KOSS
- Lancaster, California; United States;
- Broadcast area: Antelope Valley
- Frequency: 1380 kHz
- Branding: NewsTalk 1380

Programming
- Format: Talk radio
- Affiliations: ABC News Radio; Radio America;

Ownership
- Owner: High Desert Broadcasting; (High Desert Broadcasting LLC);
- Sister stations: KCEL, KGMX, KQAV, KKZQ, KMVE, KUTY

History
- First air date: April 1, 1962
- Former call signs: KBVM (1956–1973); KKZZ (1973–1983); KOTE (1983–1987); KHJJ (1987–2000); KWJL (2000–2007);

Technical information
- Licensing authority: FCC
- Facility ID: 19702
- Class: D
- Power: 1,000 watts (day); 20 watts (night);
- Transmitter coordinates: 34°42′42″N 118°10′33″W﻿ / ﻿34.71167°N 118.17583°W

Links
- Public license information: Public file; LMS;
- Website: newstalk1380.com

= KOSS =

Radio station in Lancaster, California

KOSS (1380 AM, "NewsTalk 1380") is a commercial radio station licensed to Lancaster, California, United States, and serves the Antelope Valley area. The station is owned by High Desert Broadcasting and broadcasts a talk format. On the FCC website, this station is listed as "Licensed and Silent".

==History==
The station signed on as KBVM in August 1956. KBVM changed its call sign to KKZZ in September 1973, then to KOTE in 1983. On January 1, 1987, KOTE changed its call letters to KHJJ, adopting the branding "KHJ 1380" and a talk format.

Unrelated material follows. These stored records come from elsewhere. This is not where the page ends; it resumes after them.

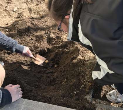特別支援教室の生徒が、芋ほりをしてくれています。
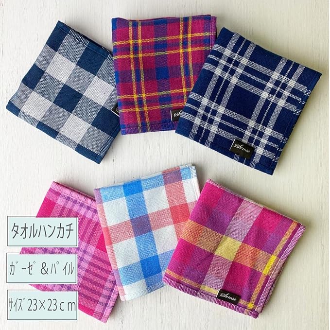 タオルの萩原 ガーゼ & パイル チェック柄 タオルハンカチ 6枚組 garze-th-6p
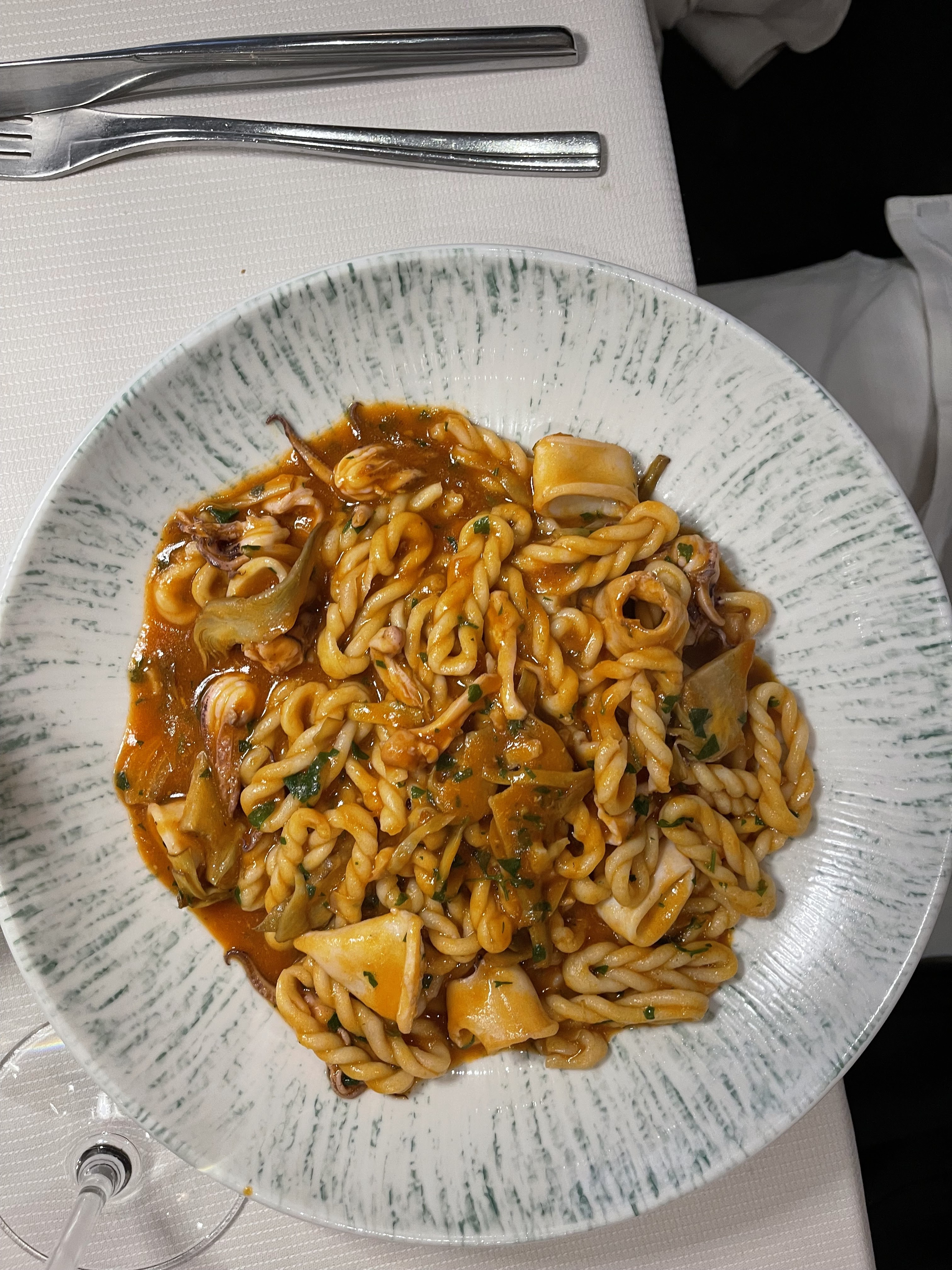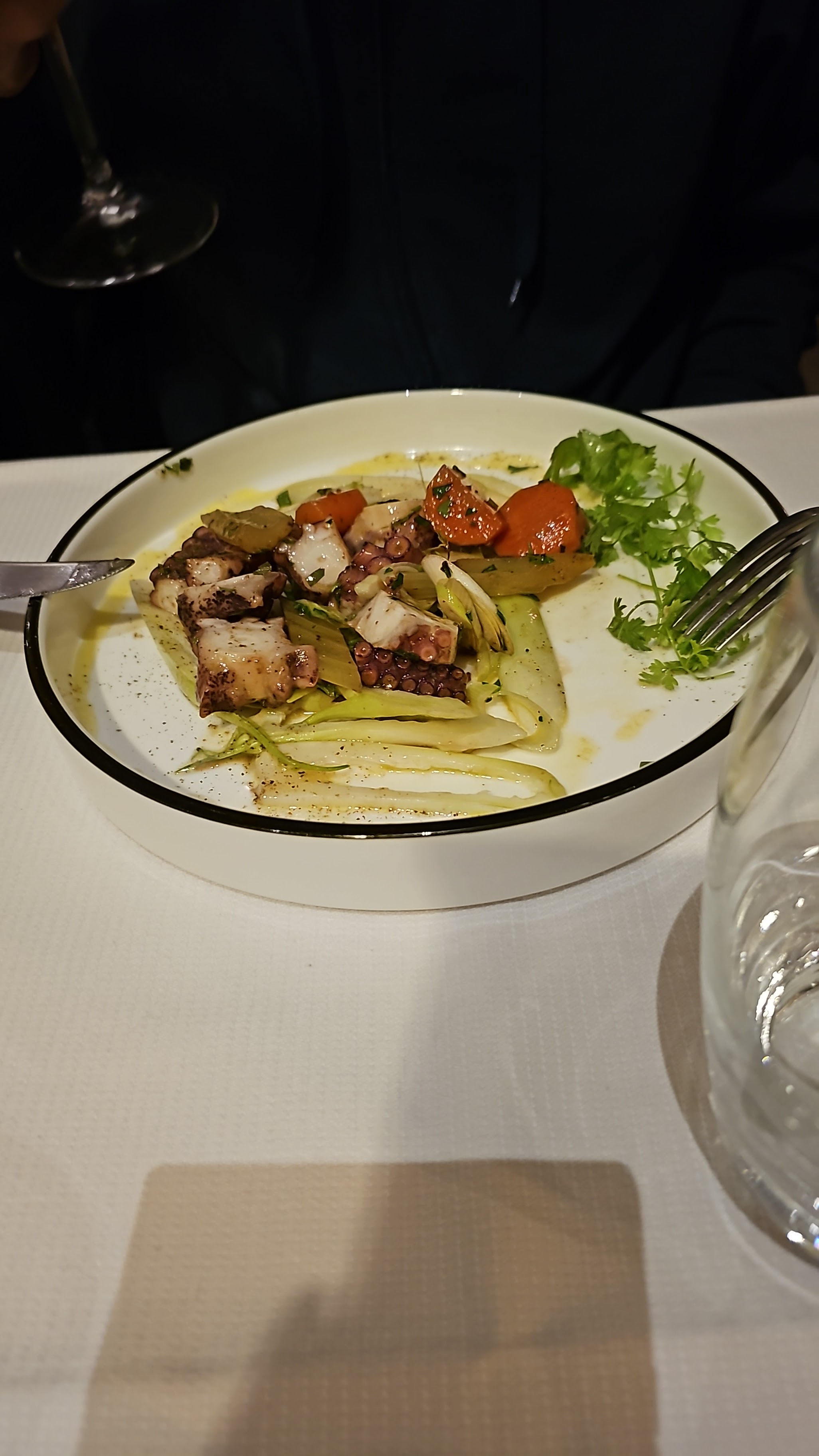 Dîner incroyable... Cuisine italienne avec des spécialités sardes exquises, chef italien super sympa, attentif et sympathique même pour une conversation après le dîner, personnel très très gentil et compétent... EXCELLENTE cuisine. Super recommandé pour un dîner italien avec un I majuscule. Excellent rapport qualité/prix. Vous pouvez voir la passion qu'ils ont et cela mérite beaucoup... continuez comme ça !

In 2000, the station became KWJL (K-Jewel 1380) and featured an adult standards format. In 2004, KWJL flipped to Spanish oldies as "Joyas 1380" (joya is the Spanish word for "jewel").

In September 2007, KWJL and KUTY swapped formats, and KWJL became "NewsTalk 1380". The call sign was changed to KOSS in January 2008. The KOSS call letters had previously belonged to another local station, KVVS (105.5 FM), under a previous format.

KOSS was previously the radio home of Lancaster JetHawks minor league baseball, airing play-of-play coverage beginning in the team's 2010 season.